Responsibilities
- Participate in platform software engineering, writing code to reduce human intervention and automate operational tasks.
- Lead in‑depth technical and data analysis to monitor service trends and drive continuous improvement.
- Prioritize reliability features and design, develop, and deliver effective tooling, alerts, and automated responses to mitigate reliability risks.
- Communicate reliability, stability, and efficiency results (based on SLOs), service health dashboards, key reliability risks, and incidents to senior stakeholders, prioritizing activity and directing investment and action.
- Automate installation and maintenance of test/development servers, release builds, and deployment of existing tools and dependent solutions.
- Design and take ownership of innovations that improve software engineering velocity, infrastructure resiliency, and security, evaluating new application packages and tools and researching best practices.
- Debug and diagnose the root cause of infrastructure problems for ongoing operation, reviewing, verifying, and validating software code developed in DevOps projects.
Qualifications
- 6+ years of experience in software development and DevSecOps/SRE functions, with at least two years in a senior technical capacity.
- Experienced System Engineer, SysAdmin, or Software Engineer with professional Linux skills, distributed system development, and a passion for automating API‑driven tasks at scale.
- Strong programming skills in Java, C/C++, NodeJS, Python, or Go, with experience building and deploying software products and overcoming challenges in distributed systems.

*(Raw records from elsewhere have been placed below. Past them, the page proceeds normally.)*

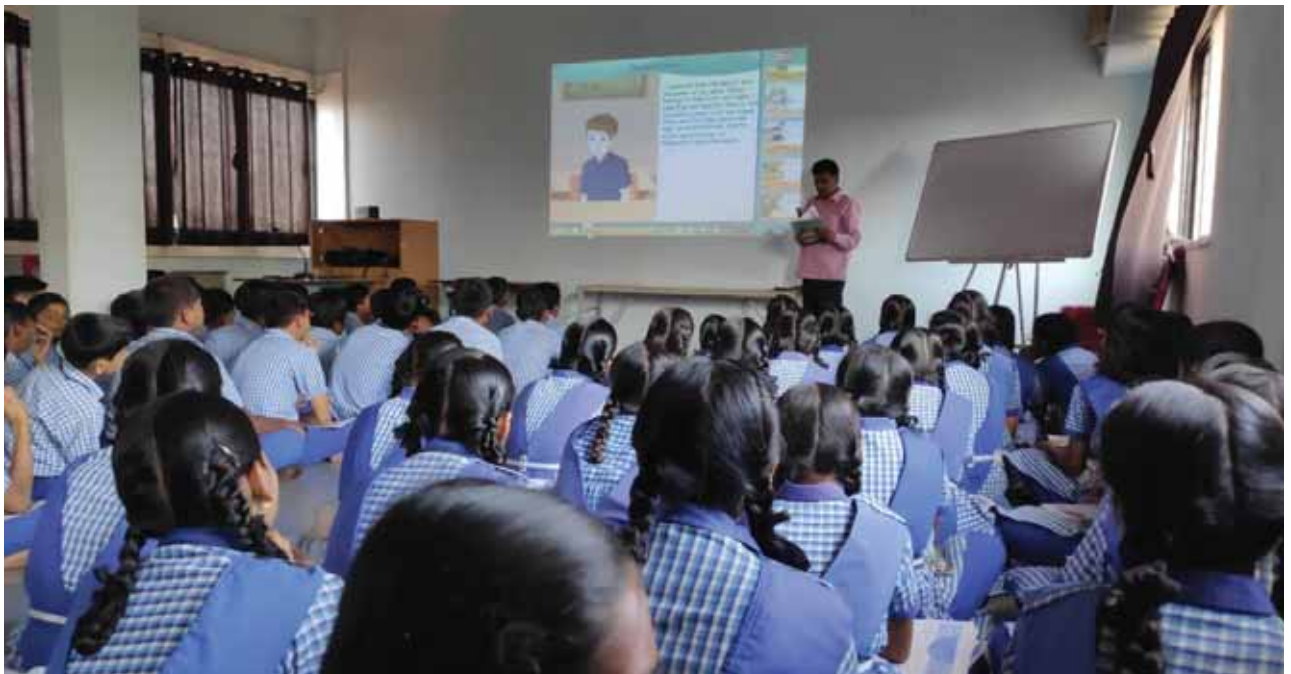
An e-learning facility at the Sarasvati High School.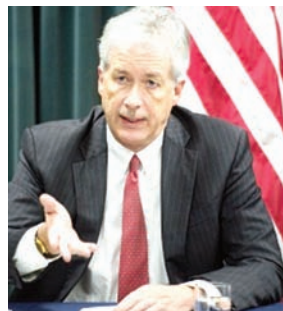
Benjamin Netanyahu and Defence Minister Yoav Gallant.

The top American officials will also reach Israel after meetings in Doha and Cairo. Burns and McGurk will meet Israel Prime Minister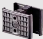
Magazine Coupler For MP5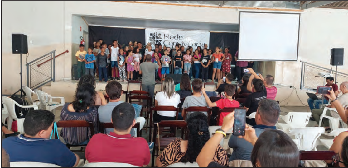
Children's presentation at the conference

- Clear communication of incident status via email in a business‑friendly tone; advanced understanding of observability tools (ELK, Grafana/Prometheus, Zabbix, Nagios, etc.) and CI/CD and release management solutions.
- Broad knowledge of OS platforms (Linux/UNIX), networking, web systems, and DevSecOps; experience with large‑scale distributed systems and microservices architecture concepts.
- Experience with containers, CD tools (Pulumi, Docker, Ansible, Puppet, etc.), and integration/build tools (Jenkins, Groovy, Maven, Atlassian Suite, GitLab CI).
Benefits
- Attractive remuneration package and great career progression.
- Permanent role with opportunities for career growth and skill development.
- Work in a large, innovative organization recognized for its technology leadership.
About the Company
Our organization specializes in lawful intelligence technology, providing end‑to‑end monitoring and intelligence solutions to governments worldwide. This is an opportunity to work with a well‑established, large organization and be part of a collaborative, technology‑driven team in Kuala Lumpur.